→ **THE PROBLEM**: All the lines below should be set down exactly, with no picture carried into the copy.

→ **COLLECTED DATA**:
* * * *
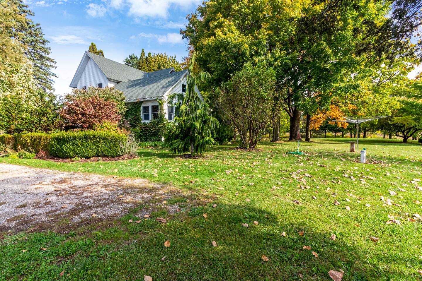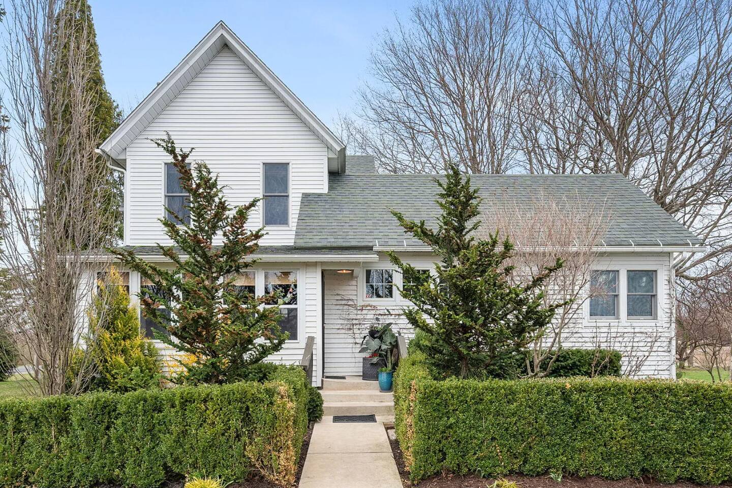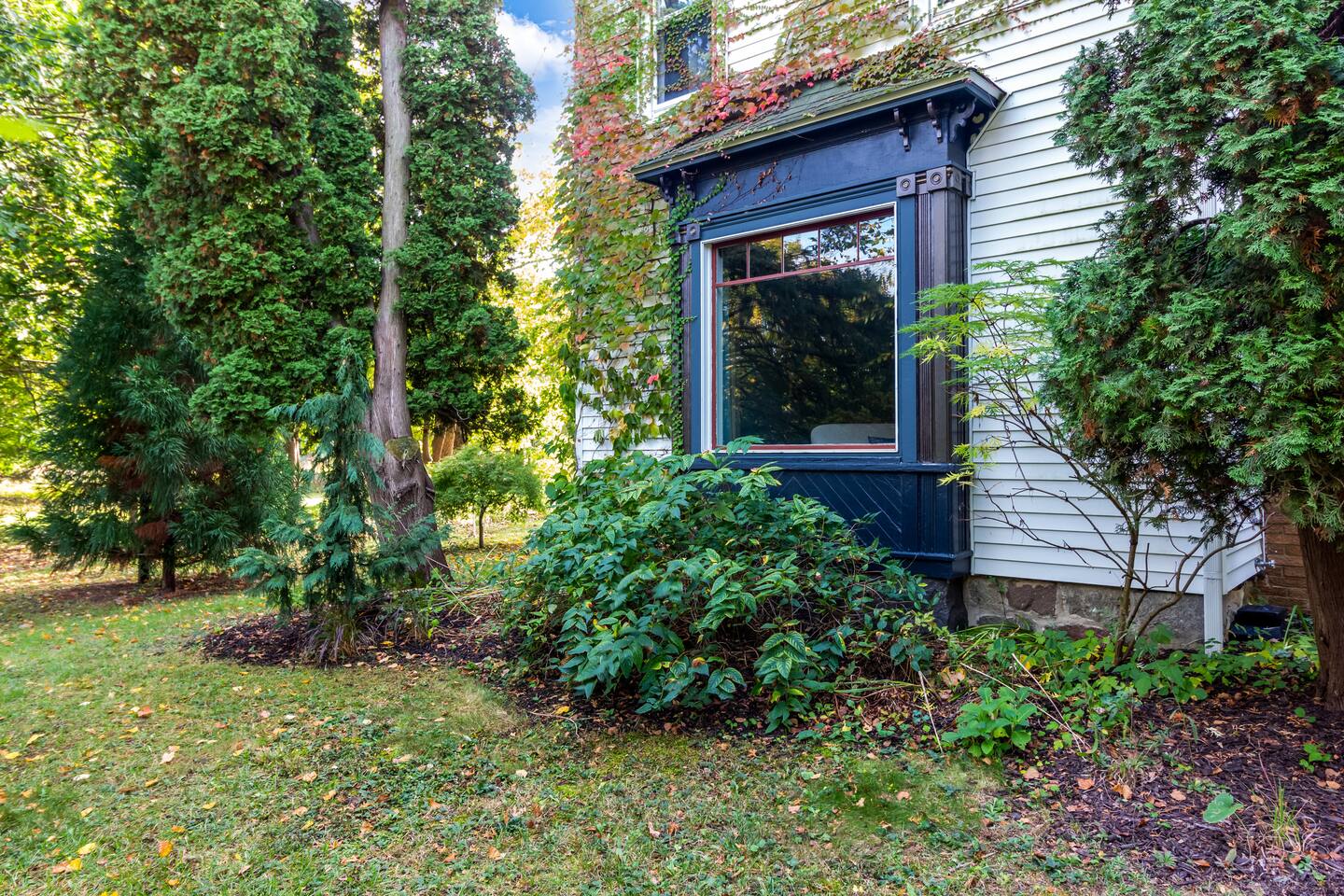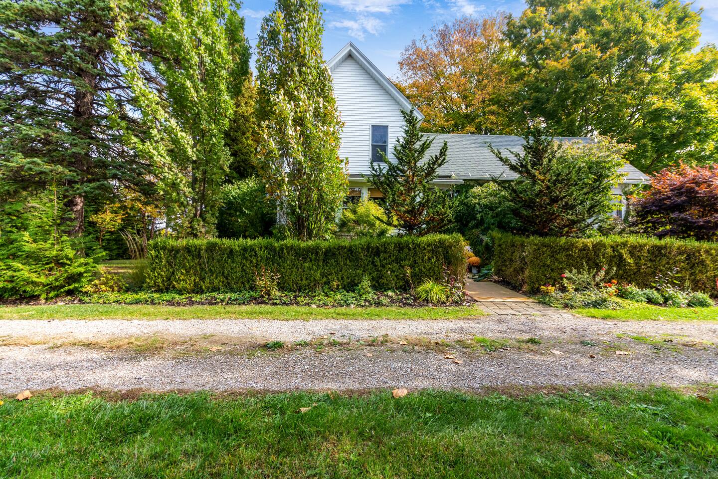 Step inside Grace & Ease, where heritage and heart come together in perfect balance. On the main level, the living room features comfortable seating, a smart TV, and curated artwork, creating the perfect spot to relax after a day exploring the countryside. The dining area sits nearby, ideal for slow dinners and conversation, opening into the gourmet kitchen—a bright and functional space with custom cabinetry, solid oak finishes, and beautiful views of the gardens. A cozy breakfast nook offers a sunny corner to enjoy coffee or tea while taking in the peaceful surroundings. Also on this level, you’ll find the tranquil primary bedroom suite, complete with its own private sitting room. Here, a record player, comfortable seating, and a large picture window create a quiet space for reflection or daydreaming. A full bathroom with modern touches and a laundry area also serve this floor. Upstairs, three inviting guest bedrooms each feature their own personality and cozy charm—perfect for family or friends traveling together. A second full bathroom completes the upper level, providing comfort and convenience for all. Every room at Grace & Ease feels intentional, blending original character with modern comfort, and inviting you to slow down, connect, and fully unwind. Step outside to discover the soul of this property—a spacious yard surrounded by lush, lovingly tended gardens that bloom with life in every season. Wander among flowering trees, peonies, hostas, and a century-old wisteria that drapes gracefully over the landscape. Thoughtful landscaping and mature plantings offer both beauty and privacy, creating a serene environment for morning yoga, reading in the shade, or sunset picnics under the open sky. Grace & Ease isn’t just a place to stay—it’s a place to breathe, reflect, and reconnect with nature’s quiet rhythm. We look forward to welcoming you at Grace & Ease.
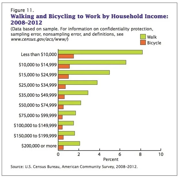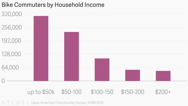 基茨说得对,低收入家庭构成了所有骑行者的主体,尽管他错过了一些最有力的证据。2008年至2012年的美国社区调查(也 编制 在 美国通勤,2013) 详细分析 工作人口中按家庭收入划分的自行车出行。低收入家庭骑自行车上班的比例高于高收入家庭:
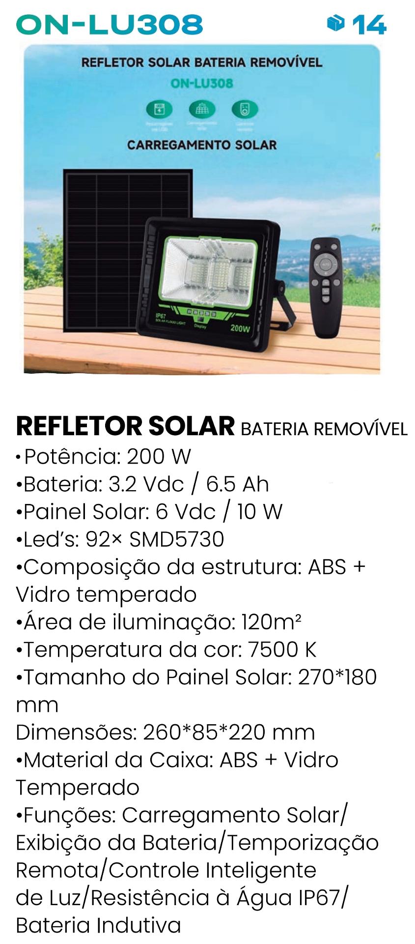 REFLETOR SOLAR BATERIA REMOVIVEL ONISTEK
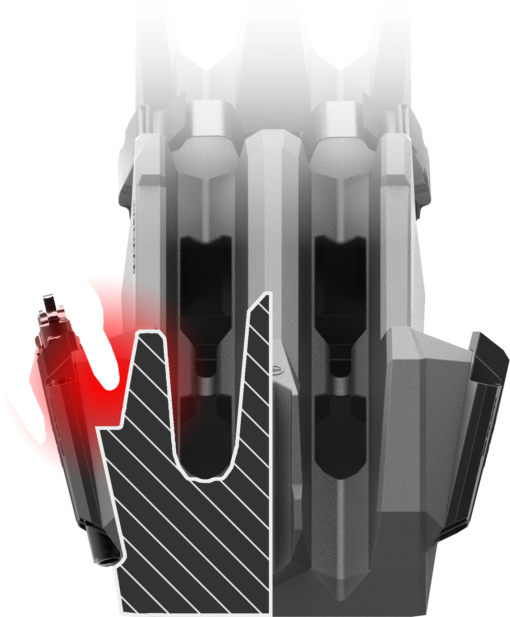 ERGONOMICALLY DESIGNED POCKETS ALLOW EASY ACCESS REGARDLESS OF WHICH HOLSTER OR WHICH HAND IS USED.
* * * *
→ **COMPLETED TASK**:
 Step inside Grace & Ease, where heritage and heart come together in perfect balance. On the main level, the living room features comfortable seating, a smart TV, and curated artwork, creating the perfect spot to relax after a day exploring the countryside. The dining area sits nearby, ideal for slow dinners and conversation, opening into the gourmet kitchen—a bright and functional space with custom cabinetry, solid oak finishes, and beautiful views of the gardens. A cozy breakfast nook offers a sunny corner to enjoy coffee or tea while taking in the peaceful surroundings. Also on this level, you’ll find the tranquil primary bedroom suite, complete with its own private sitting room. Here, a record player, comfortable seating, and a large picture window create a quiet space for reflection or daydreaming. A full bathroom with modern touches and a laundry area also serve this floor. Upstairs, three inviting guest bedrooms each feature their own personality and cozy charm—perfect for family or friends traveling together. A second full bathroom completes the upper level, providing comfort and convenience for all. Every room at Grace & Ease feels intentional, blending original character with modern comfort, and inviting you to slow down, connect, and fully unwind. Step outside to discover the soul of this property—a spacious yard surrounded by lush, lovingly tended gardens that bloom with life in every season. Wander among flowering trees, peonies, hostas, and a century-old wisteria that drapes gracefully over the landscape. Thoughtful landscaping and mature plantings offer both beauty and privacy, creating a serene environment for morning yoga, reading in the shade, or sunset picnics under the open sky. Grace & Ease isn’t just a place to stay—it’s a place to breathe, reflect, and reconnect with nature’s quiet rhythm. We look forward to welcoming you at Grace & Ease.
 基茨说得对,低收入家庭构成了所有骑行者的主体,尽管他错过了一些最有力的证据。2008年至2012年的美国社区调查(也 编制 在 美国通勤,2013) 详细分析 工作人口中按家庭收入划分的自行车出行。低收入家庭骑自行车上班的比例高于高收入家庭:
 REFLETOR SOLAR BATERIA REMOVIVEL ONISTEK
 ERGONOMICALLY DESIGNED POCKETS ALLOW EASY ACCESS REGARDLESS OF WHICH HOLSTER OR WHICH HAND IS USED.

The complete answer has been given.